Ya , I guess you could tell a fair bit with out moving the blower. I have never worked with propane on a gas engine so am of no help. But in winter here in Ontario I can see the 1 lbr acting up, guess you need a tiny fire pot!!!! he he.
Offer still stands


----------



## crazzywolfie (Jun 2, 2014)

hahaha thanks. even with the nice weather we had today the 1lb tanks was starting to freeze in about 5 minute. i am not super knowledgeable about propane but i do know it really doesn't take a ton to get them to start freezing but the larger the tank the less likely you are to have issues or the longer it will take. i know when i use to work in a warehouse we use to occasionally run propane heaters to warm us up and sometimes never took long for the tanks to start frosting over. the less gas was in the tank the quicker it frosted over and froze up.


----------



## tonylumps (Jul 31, 2018)

To keep a small combustable engine running in the dead of winter you will need the gas volume of at least a 30# or better 40# bottle to keep up with the intake of gas being converted from liquid and then only if you have some way of heating the propane cylinder while blowing snow.In temp.below 30 degrees I use a 30# or 2 20# tanks with the heat from my generator to keep it some what warmer.I have been dealing with Propane and Internal combustabl engines for about 8 years now.It will suck up a lot more gas than a heater or Barby Now in the summer when the temps go up your snowblower will work great.A lot more Lawn Maints. contractors are buying there big mowers already converted.They are using the same tanks that are on Forklifts.Your 5 or 11# tanks will not work either.I do not think a 20 will work .There is alot of info out there on propane .


----------



## crazzywolfie (Jun 2, 2014)

the other person who did a propane conversion on his machine is only running a 20lb tank and he never mentioned having any issues with it or the 2 years he has been running it but i guess i may have to wait til next winter to find out. it will give me time to build a tank mount and get the governor linkage protected. i guess worst case scenario it goes back to gas and i will try figuring out what is up with it. i did find quite a bit of water in the gas i took out of the fuel tank


----------



## tonylumps (Jul 31, 2018)

crazzywolfie said:


> the other person who did a propane conversion on his machine is only running a 20lb tank and he never mentioned having any issues with it or the 2 years he has been running it but i guess i may have to wait til next winter to find out. it will give me time to build a tank mount and get the governor linkage protected. i guess worst case scenario it goes back to gas and i will try figuring out what is up with it. i did find quite a bit of water in the gas i took out of the fuel tank


I know playing with it ,maybe you will come up with something That I have missed.Every bodies snowblower will be running on propane.Propane is the way to go with a piece of equipment that sits for months .My generators run great now that I did my homework on propane. No more storing 20 -25 Gallons of Gas and than have to recycle if you do not use it for a while. Propane you store it and forget it and a lot safer.My shed is about 75' from the house I have 3 30# and 7 20# and if power goes out Everybody is lined up for Gas. But not for Propane.


----------



## crazzywolfie (Jun 2, 2014)

if it works i got nothing against it. i actually went and looked at his video's again and he is running a 10lb tank. i guess i will find out next winter what happens. so far i am into it less than $25.


----------



## tabora (Mar 1, 2017)

crazzywolfie said:


> if it works i got nothing against it. i actually went and looked at his video's again and he is running a 10lb tank. i guess i will find out next winter what happens. so far i am into it less than $25.

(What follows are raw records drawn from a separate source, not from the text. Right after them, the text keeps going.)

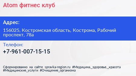 Atom, фитнес-клуб по адресу 156025, Костромская область, Кострома, Рабочий проспект, 78а в дальнейшем Организация, размещена в следующих категориях:
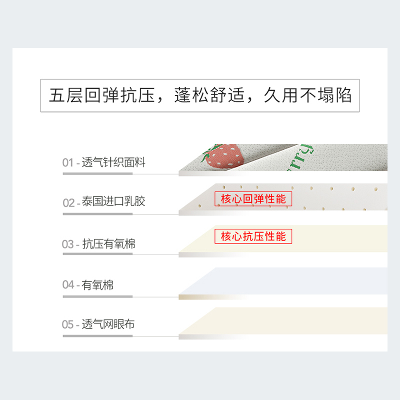 【进口乳胶 不易塌陷】高品质针织乳胶三明治床垫【面料针织棉填充乳胶+硬质棉/乳胶草莓】 |
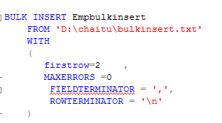 Bulk Insert command Explaination for loading data from text or csv file in to Sql Server
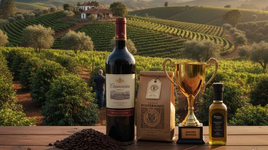 Nessa região, a produção de vinhos, café e azeites foram premiadas em diversas ocasiões fora do Brasil / Google Gemini/Imagem Gerada por IA

Looks like that was pretty warm weather, though...


----------



## crazzywolfie (Jun 2, 2014)

he has another video where it looks colder but snow moved looks a bit light. i would assume since he converted it and is still run
https://www.snowblowerforum.com/forum/1525729-post35.html
he also posted this season that it is still running good with the 11lb tank
https://www.snowblowerforum.com/forum/1644211-post37.html


----------



## tabora (Mar 1, 2017)

crazzywolfie said:


> he has another video where it looks colder but snow moved looks a bit light. i would assume since he converted it and is still run
> ... he also posted this season that it is still running good with the 11lb tank ...


Well, hopefully that 11 pound tank will work for you. From the videos, it appears he has a bit too much weight (between the propane and the battery) on the rear to keep the augers down. Maybe a bracket to hold the tank above the engine would help with both weight distribution and provide some heat to keep the tank warmer?


----------



## crazzywolfie (Jun 2, 2014)

my plan was to put the propane tank where the original tank was. i agree with where he has the tank it may be too much weight at the back but with his machine space is kind of limited. at least with the OHV engine i got a bit more space with the stock tank removed. i don't know if the heat from the engine will really help that much but it probably wouldn't hurt.


----------